───── Data section

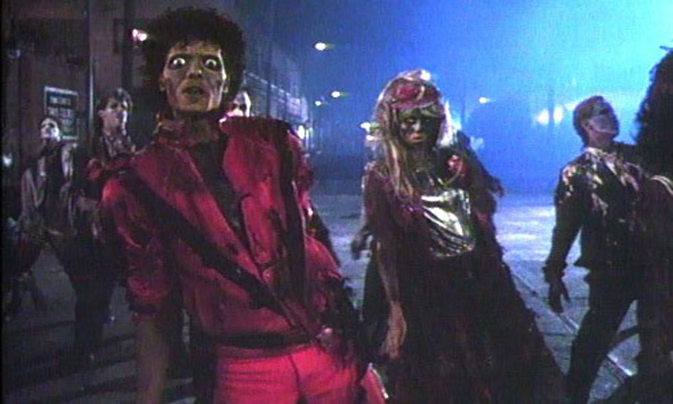 The iconic music video features haunted house trademarks like floating heads and ravens, spliced with shower scenes referencing Hitchcock's Psycho.
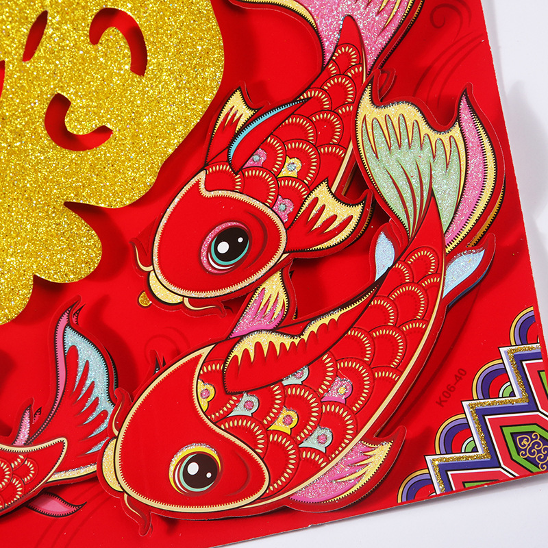 50# three-dimensional flocking paper-cut red blessing zodiac
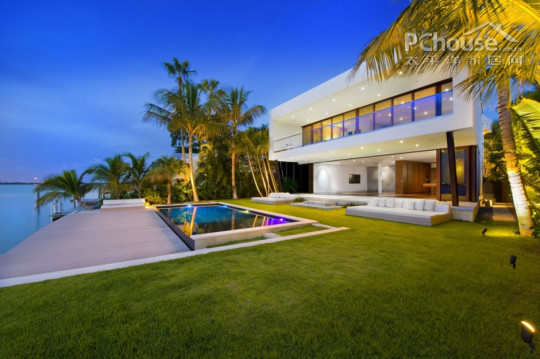 编辑点评:与别墅外观整体一致的方正规则,草坪的设置也同样在划分严谨的区域。草坪上的灯光更是别具匠心。纯自然的绿色与蓝色的大背景相互衬托,色彩分块明显。

──────────

● What the exercise asks
Please produce an exact copy of all the material, leaving out the pictures.

● Response below
 The iconic music video features haunted house trademarks like floating heads and ravens, spliced with shower scenes referencing Hitchcock's Psycho.
 50# three-dimensional flocking paper-cut red blessing zodiac
 编辑点评:与别墅外观整体一致的方正规则,草坪的设置也同样在划分严谨的区域。草坪上的灯光更是别具匠心。纯自然的绿色与蓝色的大背景相互衬托,色彩分块明显。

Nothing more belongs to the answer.